++++ DATA SECTION

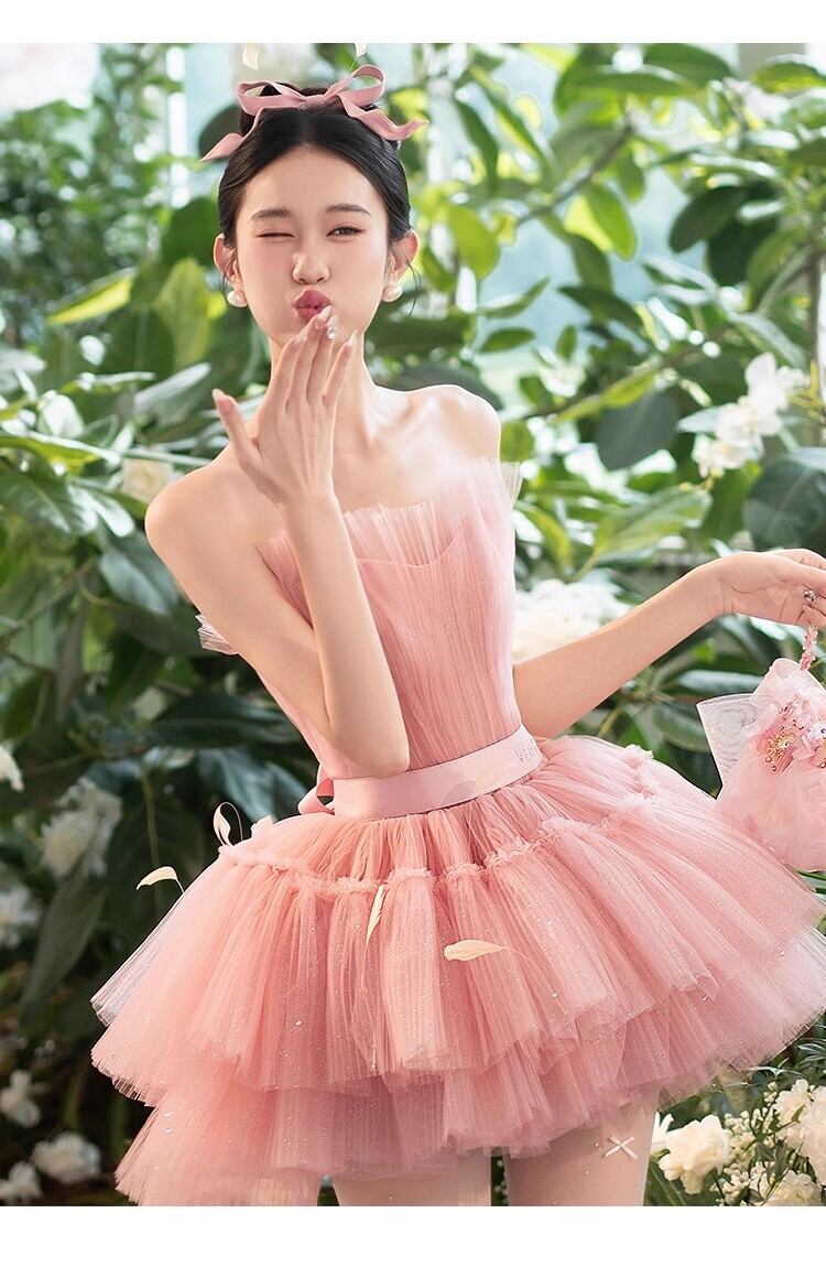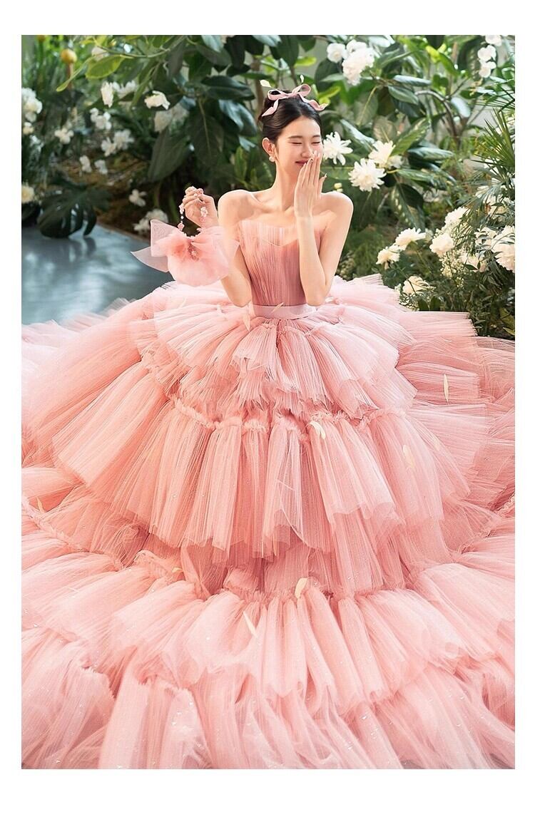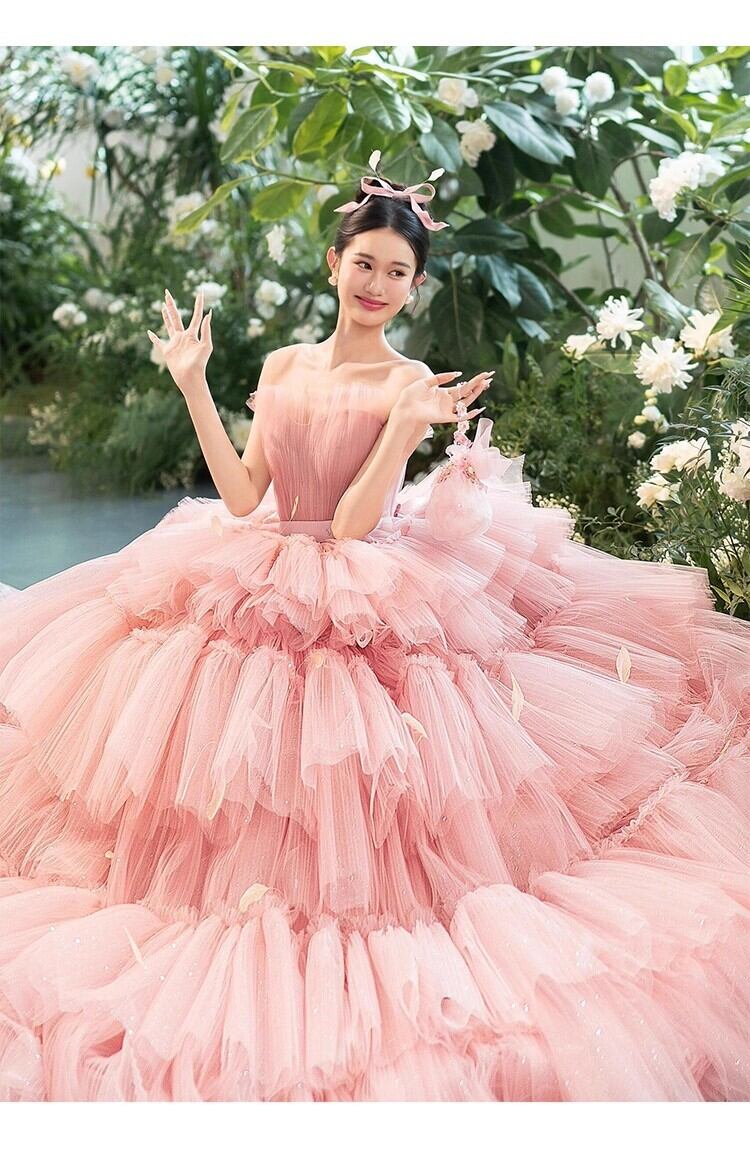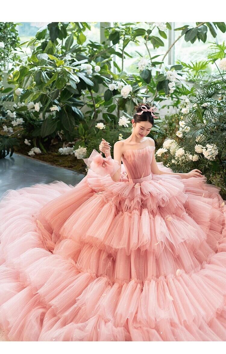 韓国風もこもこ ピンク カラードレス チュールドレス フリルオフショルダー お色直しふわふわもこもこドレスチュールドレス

++++++++
++++ DATA SECTION

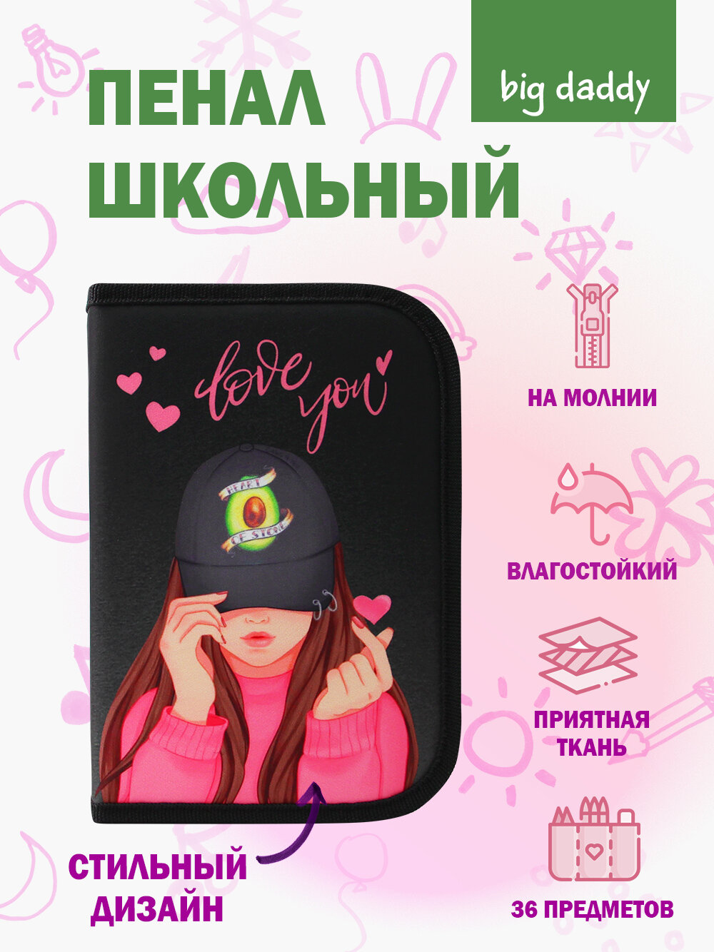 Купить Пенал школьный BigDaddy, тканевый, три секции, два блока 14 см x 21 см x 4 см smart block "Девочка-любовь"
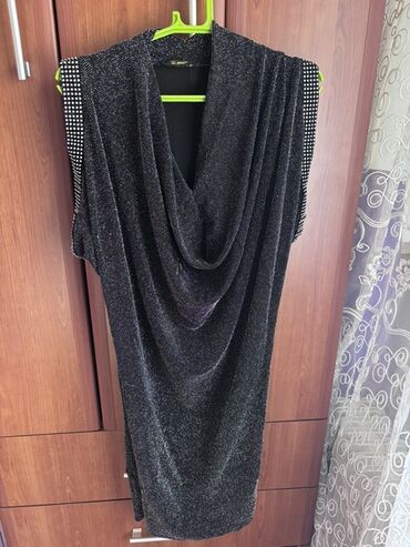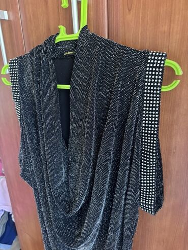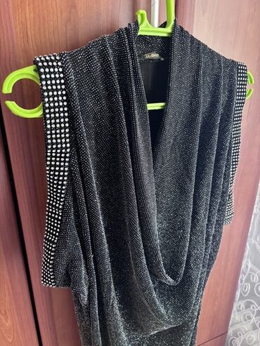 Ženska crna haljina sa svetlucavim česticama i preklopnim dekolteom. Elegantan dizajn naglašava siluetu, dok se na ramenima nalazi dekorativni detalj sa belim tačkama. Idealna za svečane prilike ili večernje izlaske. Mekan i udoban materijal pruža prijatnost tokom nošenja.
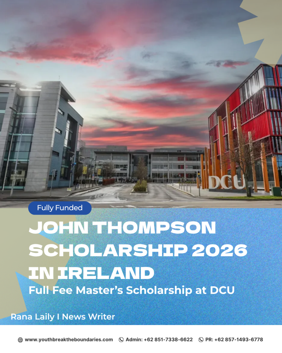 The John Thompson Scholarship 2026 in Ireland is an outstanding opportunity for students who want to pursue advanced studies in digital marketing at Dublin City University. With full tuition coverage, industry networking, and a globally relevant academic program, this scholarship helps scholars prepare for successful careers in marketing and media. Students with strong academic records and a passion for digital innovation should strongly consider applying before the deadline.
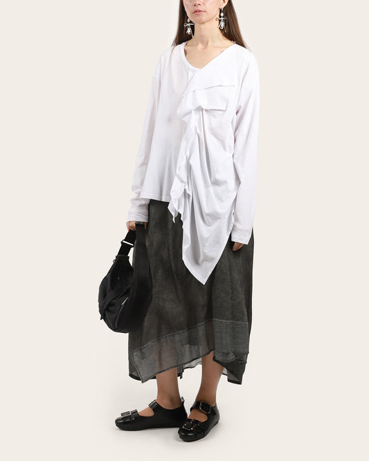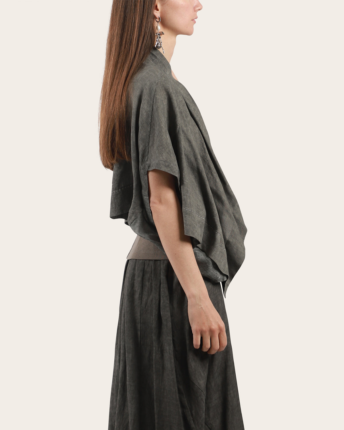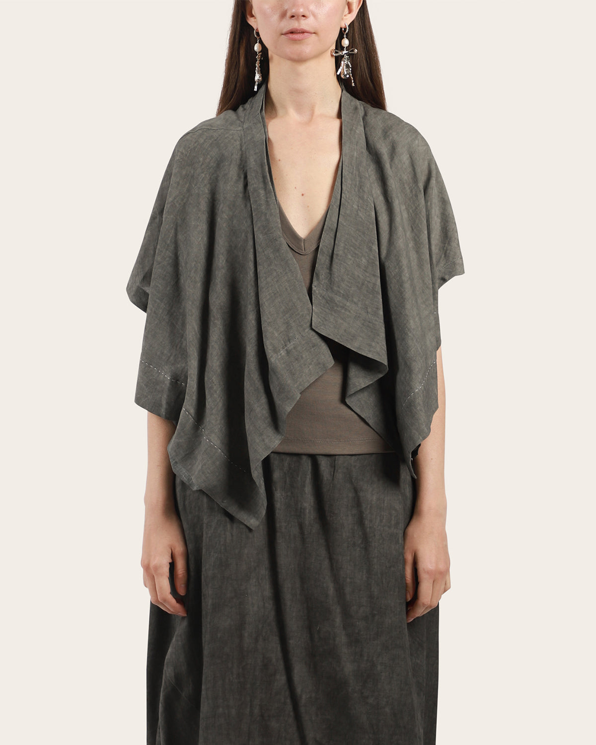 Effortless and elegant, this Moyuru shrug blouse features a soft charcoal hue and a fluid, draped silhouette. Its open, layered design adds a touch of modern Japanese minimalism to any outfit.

++++++++
++++ DATA SECTION

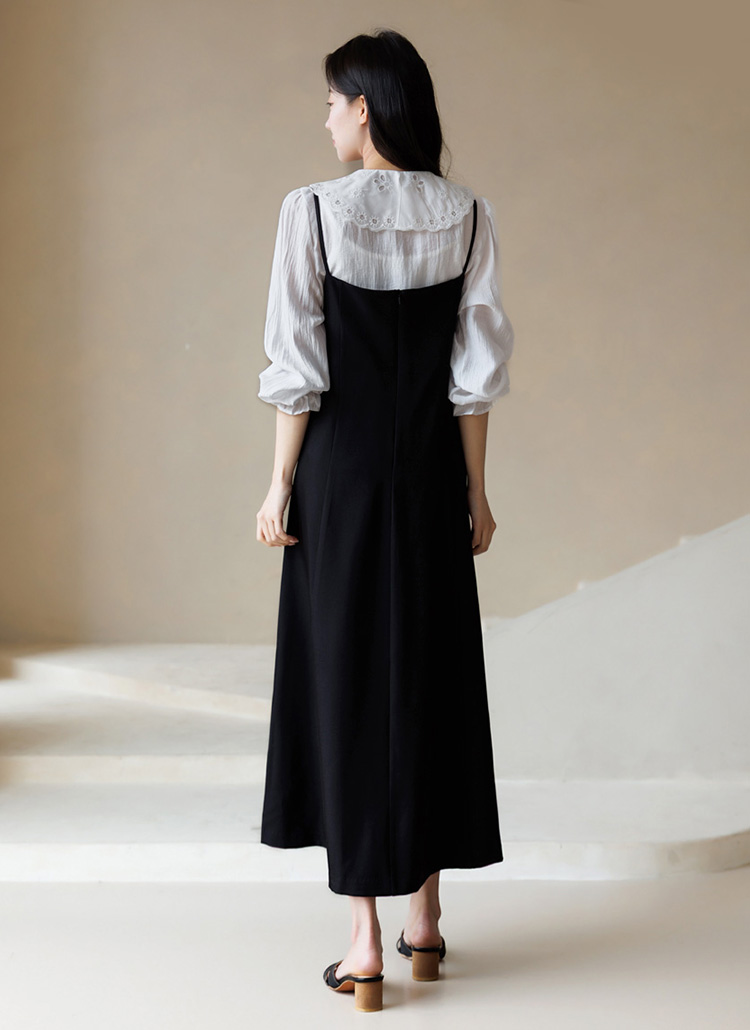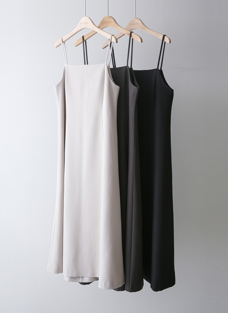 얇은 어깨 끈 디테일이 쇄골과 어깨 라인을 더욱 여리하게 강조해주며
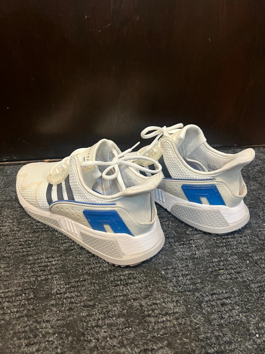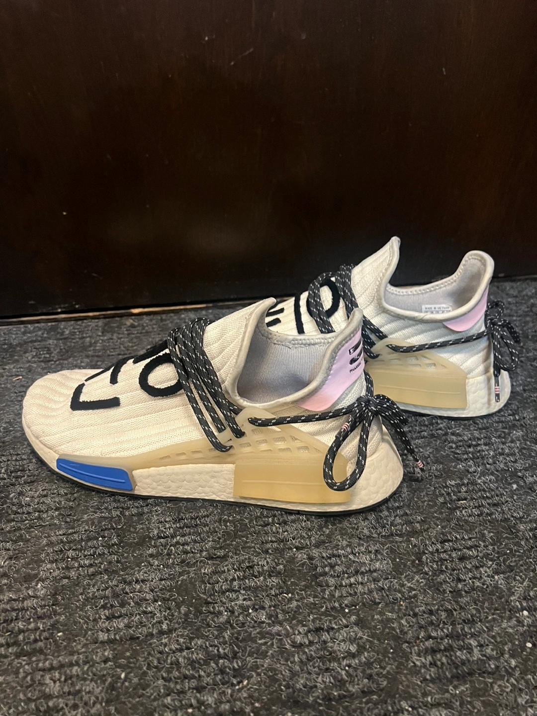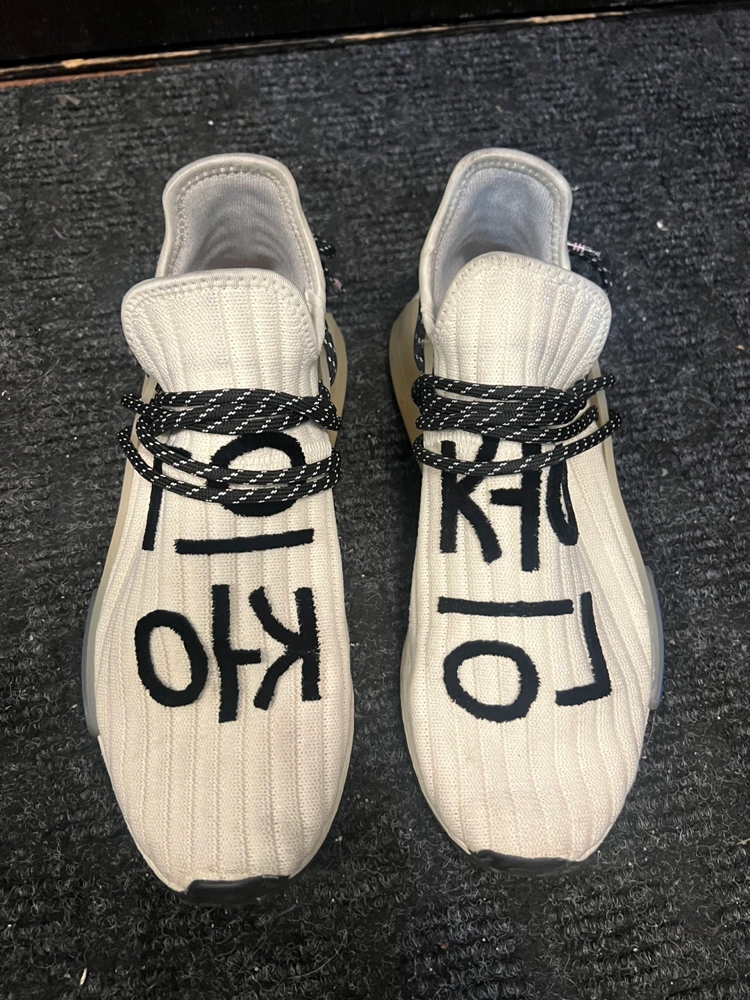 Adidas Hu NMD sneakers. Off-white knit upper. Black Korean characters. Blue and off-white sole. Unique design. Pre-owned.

++++++++

**WORK INSTRUCTIONS**
Copy word for word the lines of the records above from the one with "Купить Пенал школьный" up to and including the one with "Ženska crna haljina". Skip the pictures.

**SOLUTION**
 Купить Пенал школьный BigDaddy, тканевый, три секции, два блока 14 см x 21 см x 4 см smart block "Девочка-любовь"
 Ženska crna haljina sa svetlucavim česticama i preklopnim dekolteom. Elegantan dizajn naglašava siluetu, dok se na ramenima nalazi dekorativni detalj sa belim tačkama. Idealna za svečane prilike ili večernje izlaske. Mekan i udoban materijal pruža prijatnost tokom nošenja.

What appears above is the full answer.